## Task statement
Up to and including the line with "Lustro wyposażone jest", restate every line of the records below word for word, from the first line on, leaving out the pictures.

[[ Data listing, beginning ]]

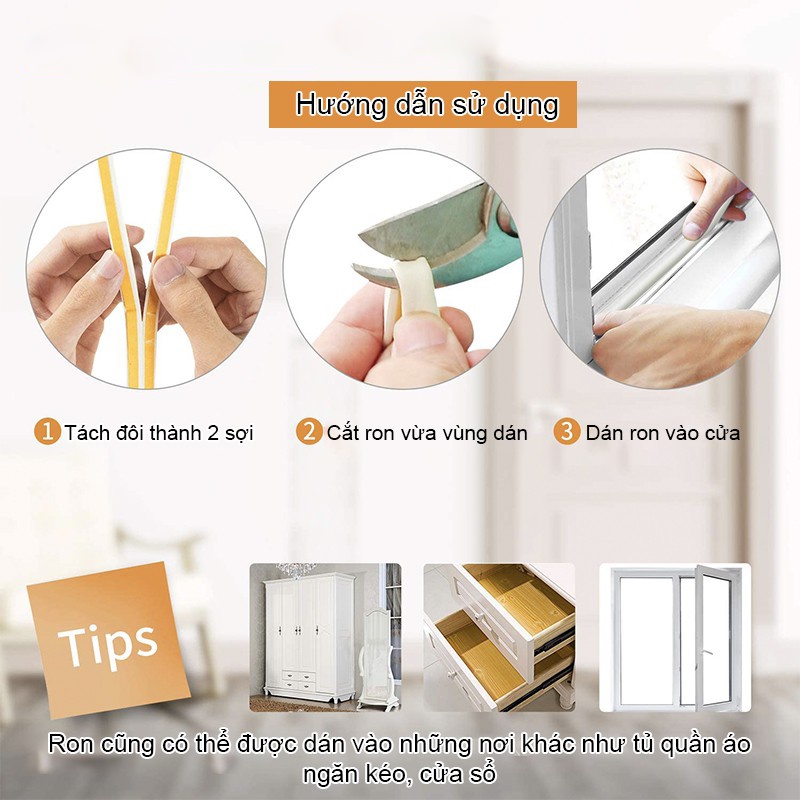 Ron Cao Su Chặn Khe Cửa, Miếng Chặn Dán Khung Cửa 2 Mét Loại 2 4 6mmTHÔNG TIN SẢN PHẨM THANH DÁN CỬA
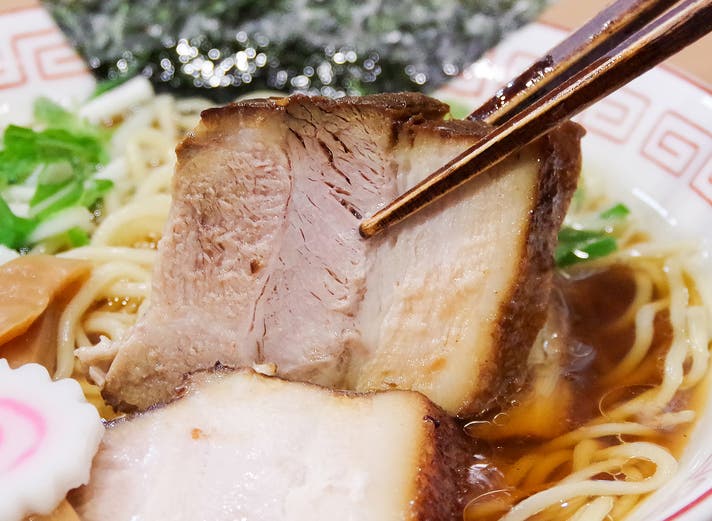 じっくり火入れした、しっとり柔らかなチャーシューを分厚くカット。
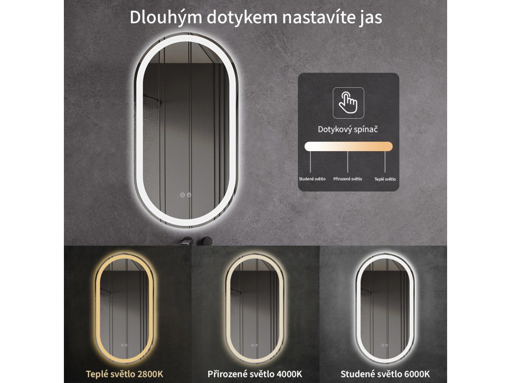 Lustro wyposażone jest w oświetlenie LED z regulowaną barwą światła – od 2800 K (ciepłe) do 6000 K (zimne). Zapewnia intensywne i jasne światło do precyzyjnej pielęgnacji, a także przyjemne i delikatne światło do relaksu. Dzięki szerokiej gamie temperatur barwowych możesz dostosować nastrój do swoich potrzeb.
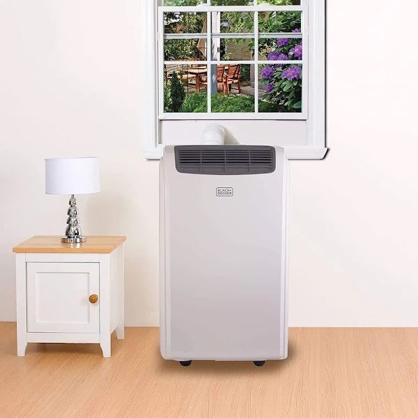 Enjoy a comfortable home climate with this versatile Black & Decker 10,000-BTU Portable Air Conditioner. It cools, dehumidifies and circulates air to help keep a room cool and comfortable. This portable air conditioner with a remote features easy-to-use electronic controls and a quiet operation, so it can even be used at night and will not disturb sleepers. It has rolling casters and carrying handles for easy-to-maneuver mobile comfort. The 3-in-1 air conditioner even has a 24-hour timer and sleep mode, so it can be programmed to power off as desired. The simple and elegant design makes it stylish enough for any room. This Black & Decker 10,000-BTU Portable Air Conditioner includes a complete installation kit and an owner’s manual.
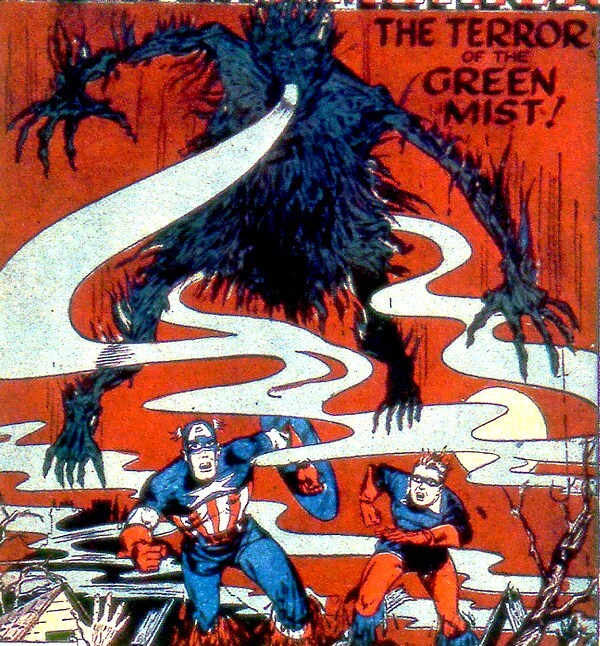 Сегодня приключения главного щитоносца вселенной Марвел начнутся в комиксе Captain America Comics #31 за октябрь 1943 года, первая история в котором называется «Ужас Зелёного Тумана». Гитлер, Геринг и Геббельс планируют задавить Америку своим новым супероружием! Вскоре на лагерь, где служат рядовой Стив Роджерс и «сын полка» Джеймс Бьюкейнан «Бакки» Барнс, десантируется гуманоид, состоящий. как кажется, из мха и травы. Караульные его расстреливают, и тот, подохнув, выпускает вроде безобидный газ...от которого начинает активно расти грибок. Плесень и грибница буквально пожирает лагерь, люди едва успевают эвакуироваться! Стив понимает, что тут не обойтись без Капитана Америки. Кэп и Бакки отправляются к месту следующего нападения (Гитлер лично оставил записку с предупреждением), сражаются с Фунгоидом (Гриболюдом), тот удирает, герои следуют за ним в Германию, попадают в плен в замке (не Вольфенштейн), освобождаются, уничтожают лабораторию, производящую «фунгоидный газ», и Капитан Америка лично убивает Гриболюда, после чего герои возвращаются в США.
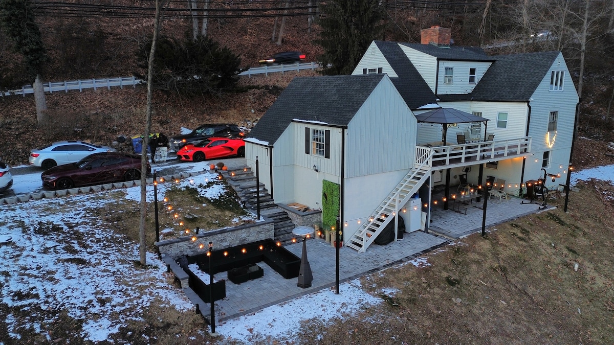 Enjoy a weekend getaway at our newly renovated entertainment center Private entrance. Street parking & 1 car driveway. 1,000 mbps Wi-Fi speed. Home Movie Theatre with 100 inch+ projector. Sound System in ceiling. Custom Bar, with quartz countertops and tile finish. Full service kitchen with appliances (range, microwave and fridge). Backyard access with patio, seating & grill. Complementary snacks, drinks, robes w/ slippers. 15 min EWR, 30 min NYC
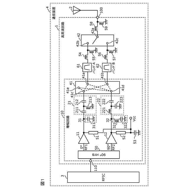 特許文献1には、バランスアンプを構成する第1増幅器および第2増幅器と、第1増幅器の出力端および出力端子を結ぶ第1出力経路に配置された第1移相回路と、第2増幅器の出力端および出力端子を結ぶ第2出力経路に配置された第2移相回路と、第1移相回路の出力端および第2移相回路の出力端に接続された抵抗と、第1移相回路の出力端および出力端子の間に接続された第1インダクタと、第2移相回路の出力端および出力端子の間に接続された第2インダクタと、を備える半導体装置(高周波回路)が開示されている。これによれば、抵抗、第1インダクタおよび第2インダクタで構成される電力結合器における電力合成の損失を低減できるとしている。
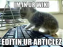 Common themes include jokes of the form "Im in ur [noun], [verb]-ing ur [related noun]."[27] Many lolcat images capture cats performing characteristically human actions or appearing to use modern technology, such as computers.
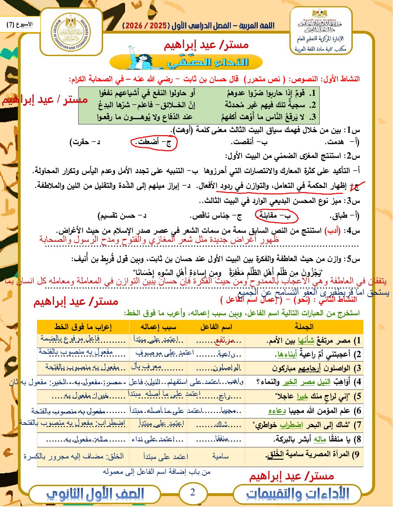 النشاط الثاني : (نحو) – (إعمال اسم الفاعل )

[[ Data listing, end ]]

## Output
 Ron Cao Su Chặn Khe Cửa, Miếng Chặn Dán Khung Cửa 2 Mét Loại 2 4 6mmTHÔNG TIN SẢN PHẨM THANH DÁN CỬA
 じっくり火入れした、しっとり柔らかなチャーシューを分厚くカット。
 Lustro wyposażone jest w oświetlenie LED z regulowaną barwą światła – od 2800 K (ciepłe) do 6000 K (zimne). Zapewnia intensywne i jasne światło do precyzyjnej pielęgnacji, a także przyjemne i delikatne światło do relaksu. Dzięki szerokiej gamie temperatur barwowych możesz dostosować nastrój do swoich potrzeb.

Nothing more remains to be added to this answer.